Though always suspected, a team of researchers in London have found definitive evidence to link air pollution with poor health. According to a recent study by researchers from the London School of Hygiene & Tropical Medicine, air pollution increase ones risk of heart attack and stroke. The risk is especially high in women and the elderly.

Moving out to the countryside may not only offer a great view from your kitchen window; it could save your life. A team of researchers collected data from individuals living in England and Wales between 2003 and 2009, BBC reported. Individuals' exposure to air pollution was assessed with recorded readings from monitoring stations closest to the participants' homes. Results showed a clear link between air pollution and cardiovascular problems. What’s most surprising is that these problems are able to manifest even after only short-term exposure to air pollution. "This research adds weight to what we already know, but goes further to suggest a link between air pollution and an increased risk of blood clots in the lungs and heart rhythm atrial fibrillation," Julie Ward, senior cardiac nurse, told the BBC.

Short-term air pollution was linked to abnormal heart rhythm and blood blots in the lungs.

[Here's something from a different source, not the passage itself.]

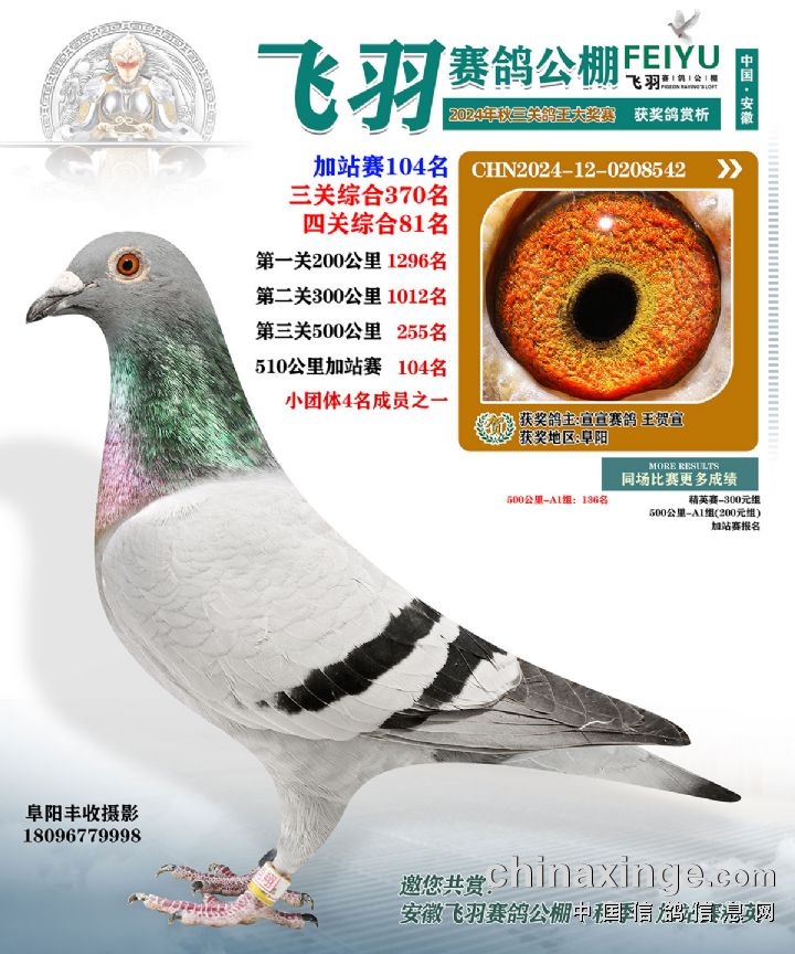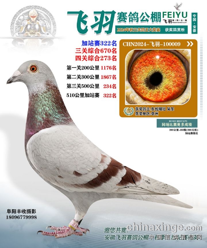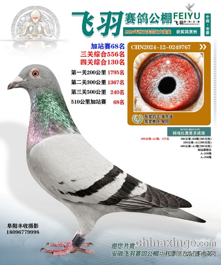 安徽飞羽俱乐部(秋):2024年加站赛获奖鸽图片鉴赏234名-255名

This risk seems to be biggest among women and those over the age of 75, the BBC reported. The study however is not complete as of yet. "Our study found some evidence of air pollution effects on irregular heart beat (arrhythmia) but no clear evidence on heart attack (myocardial infarction) and stroke, which represents, ultimately, [the] blood clotting process[es]," lead researcher Dr. Ai Milojevic explained to BBC.

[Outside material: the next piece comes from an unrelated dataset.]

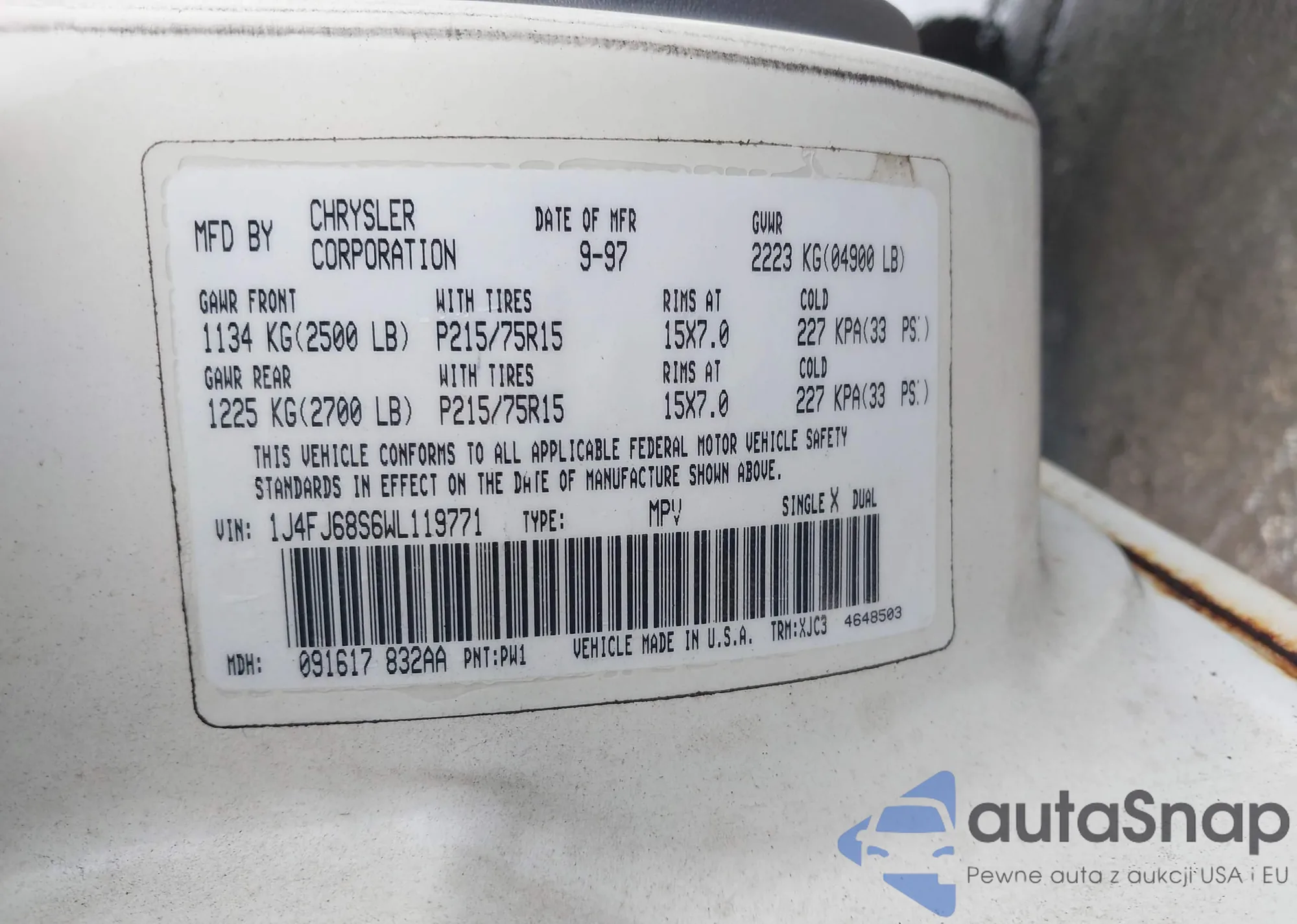 • VIN 1J4FJ68S6WL119771

Exposure to nitrogen oxide was found to have the closest link to ill health, closely followed by exposure to sulfur dioxide, Medscape reported.

The World Health Organization describes air pollution as a “major environmental risk to health.” They report that outdoor air pollution is responsible for an estimated 3.7 million premature deaths each year, according to a 2012 survey. At this point air pollution’s effect on one’s risk of heart attack and stroke is much less understood. Further studies will be conducted into this possible link, the BBC reported.

In another recent study on mice, air pollution was also linked to harmful brain changes, such as those found in autism and schizophrenia. "Our findings add to the growing body of evidence that air pollution may play a role in autism, as well as in other neurodevelopmental disorders," lead researcher Professor Deborah Cory-Slechta, told the Daily Mail.

Source: Milojevic A, Wilkinson P, Armstrong B, Bhaskaran K, Smeeth L, Shakoor H. Short-term effects of air pollution on a range of cardiovascular events in England and Wales: case-crossover analysis of the MINAP database, hospital admissions and mortality. Heart. 2014.